Both Parties Uphold Army Jim Crow

Senators Approve Negro Segregation by a Vote of 67–7

(14 June 1948)


From The Militant, Vol. 12 No. 24, 14 June 1948, p. 1.
Transcribed & marked up by Einde O’Callaghan for the Encyclopaedia of Trotskyism On-Line (ETOL).


The civil rights bills, long demanded by the labor and Negro movements, finally reached the floor of the Senate on June 8 in the form of amendments to the proposed conscription bill, and were promptly voted down by an overwhelming majority of both Republicans and Democrats. The only “concession” that was adopted was of such minor significance that the Southern Democrats did not even bother to stage a filibuster.

Thus the Republicans have a clause which they will wave as proof of their friendship for the Negro people, and the Southern Democrats have a real victory which will guarantee continuation of the Jim Crow system. All the Negro people and the labor movement have is added proof that both capitalist parties in Congress are foes of civil liberties.

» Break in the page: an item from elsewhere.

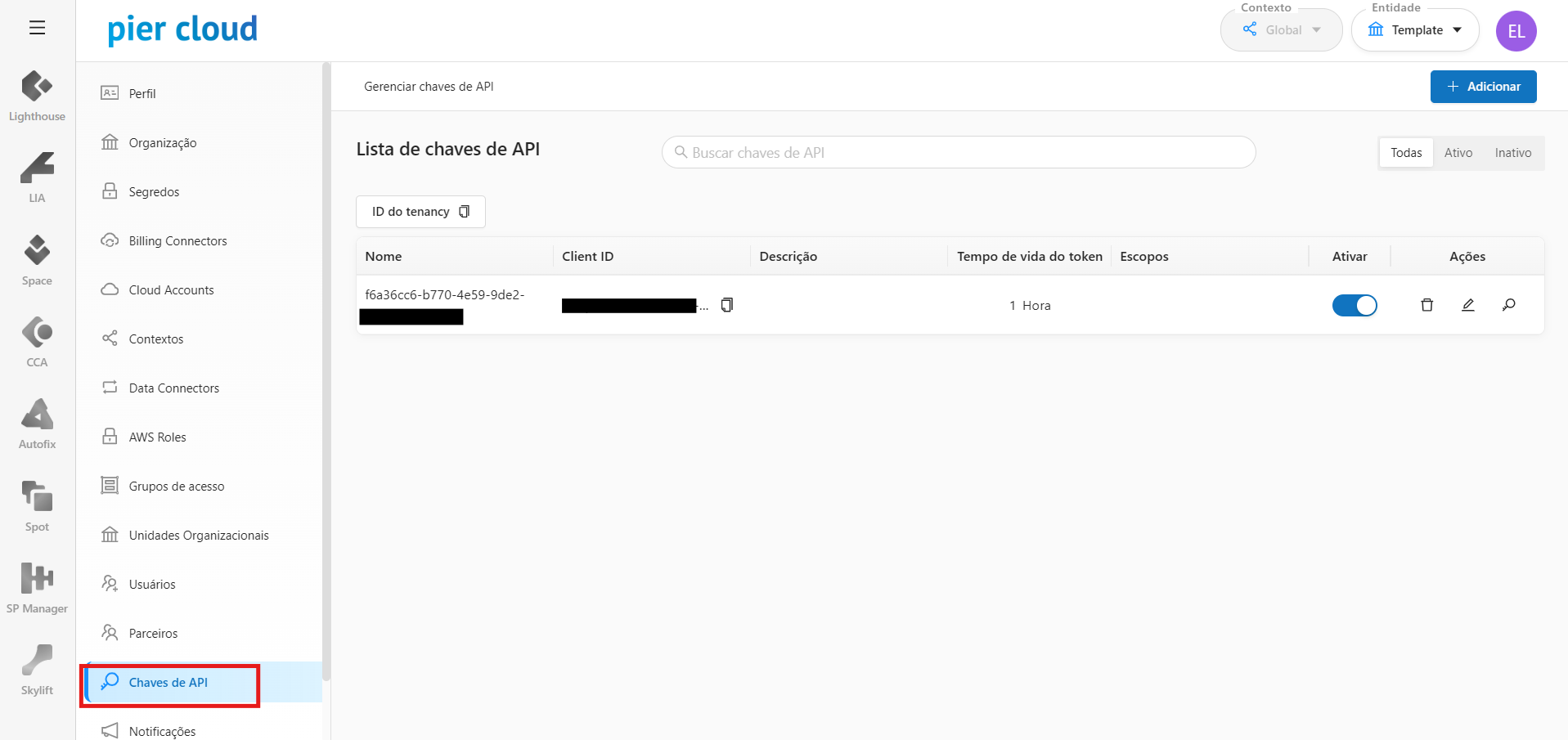 Uma funcionalidade desenvolvida pela Pier Cloud que permite criar chaves para integrar o ambiente do cliente com a API de serviços da Pier Cloud.

The civil rights riders to the draft bill were introduced by Sen. William Langer (R-N.D.), and had the general support of Negro and labor groups. They would have outlawed racial discrimination in the armed forces; barred discrimination in interstate travel of troops; established federal , penalties for lynching of servicemen; prevented draftees from training against their will in Jim Crow states; penalized discrimination against troops in hotel accommodations, etc.; denied contracts from the armed services to employers practicing Jim Crow employment policies; and prohibited the collection of poll taxes as a condition for draftees’ voting.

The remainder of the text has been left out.